Treatment with angiotensin receptor blockers was associated with higher levels of brain AT4R only in participants without cognitive impairment
Angiotensin II, which is a bioactive product of angiotensinogen, acts mainly through two angiotensin receptor subtypes: AT1R and AT2R. Ang II can also be converted to angiotensin IV by glutamyl aminopeptidase A (AP-A) and alanyl aminopeptidase N (AP-N) [35]. Ang IV acts through AT4R. To elucidate the effects of ARB on brain angiotensin receptors, we measured protein levels of AT1R, AT2R, and AT4R and compared them between ARB treated and untreated groups. Our results (Fig. 1) show that in the not cognitively impaired group (without MCI or dementia), there is no significant difference in AT1R protein levels (median (IQR) 0.47 (0.63–0.19) vs. 0.46 (0.68–0.30), NCI vs. NCI + ARB, p = 0.243) (Fig. 1A). Similarly, no significant difference is observed in AT2R protein levels (median (IQR) 0.45 (1.08–0.26) vs. 0.39 (1.11–0.27), NCI vs. NCI + ARB, p = 0.848) with the ARB treatment (Fig. 1B). Nevertheless, ARB treatment was associated with higher AT4R protein levels in NCI participants (median (IQR), 0.17 (0.76–0.01) vs. 0.69 (0.96–0.23), NCI vs. NCI + ARB, p = 0.018) (Fig. 1C).

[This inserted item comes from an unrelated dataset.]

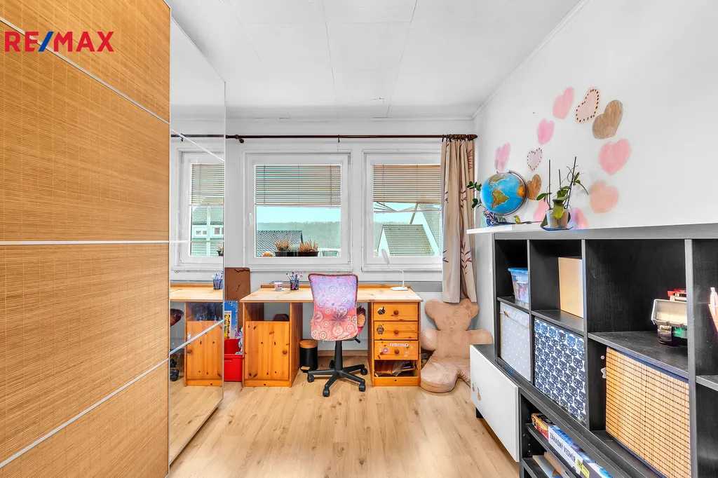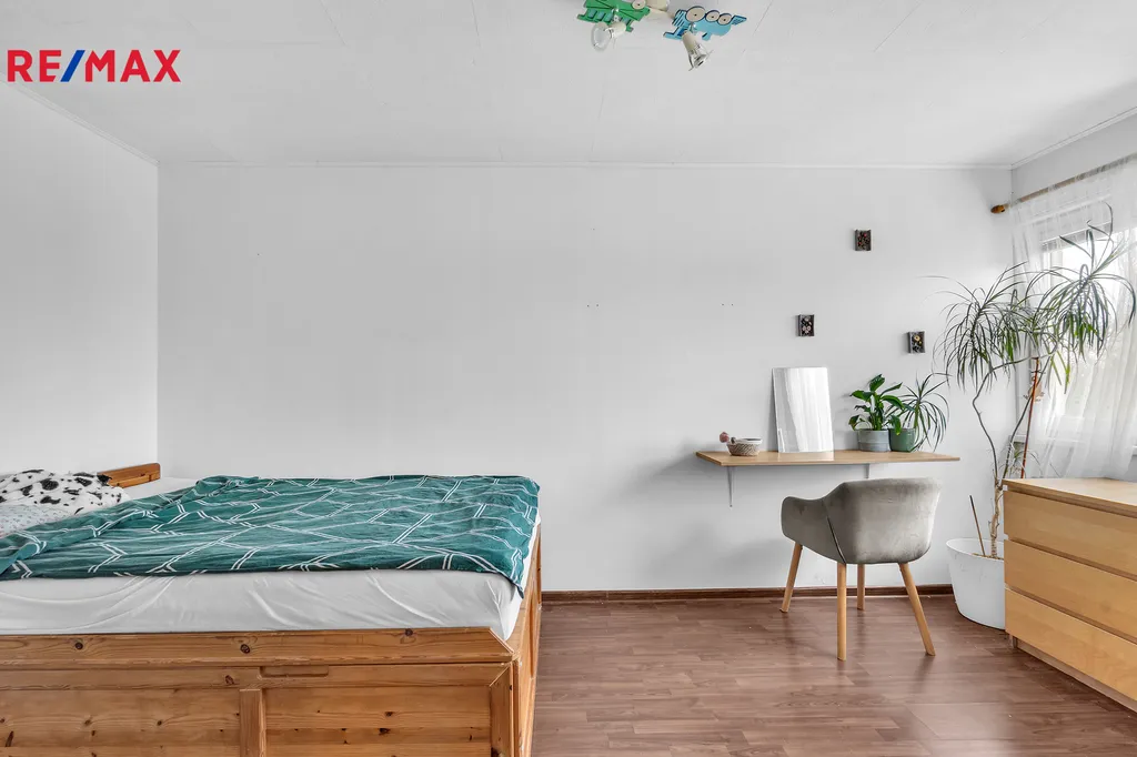 V patře se nachází další dva pokoje, obývací pokoj propojený s kuchyní a koupelna se záchodem. Celý dům působí vzdušně a prakticky, takže se tu bude dobře bydlet jak rodině s dětmi, tak i těm, kteří chtějí víc prostoru pro práci z domova nebo své koníčky. Bonus navíc je půda, která nabízí další úložné možnosti.

In contrast, in the AD group, AT1R protein levels were significantly lower in ARB treatment group (0.59 (0.76–0.45) vs. 0.47 (0.63–0.21), AD vs. AD + ARB, p = 0.023) (Fig. 2A). However, there was no significant difference in either AT2R (0.46 (0.79–0.32) vs. 0.52 (0.67–0.34), AD vs. AD + ARB, p = 0.965) or AT4R protein levels (0.13 (0.51–0.03) vs. 0.06 (0.22–0.01), AD vs. AD + ARB, p = 0.117) (Fig. 2B and C). Representative western blot images were added as a supplementary file.
ARB treatment was associated with lower brain oxidative stress levels in the not cognitively impaired participants
Oxidative stress is highlighted as a primary theory of aging and plays a prominent role in cognitive decline in older individuals [36]. While AT1R is known for its detrimental pro-oxidative stress effects, AT2R and AT4R possess anti-inflammatory and anti-oxidative stress downstream signaling effects. The balance among angiotensin receptors is essential for homeostasis [5]. Levels of brain protein carbonyl (PC), a biomarker of oxidative stress, were quantified and compared between the groups.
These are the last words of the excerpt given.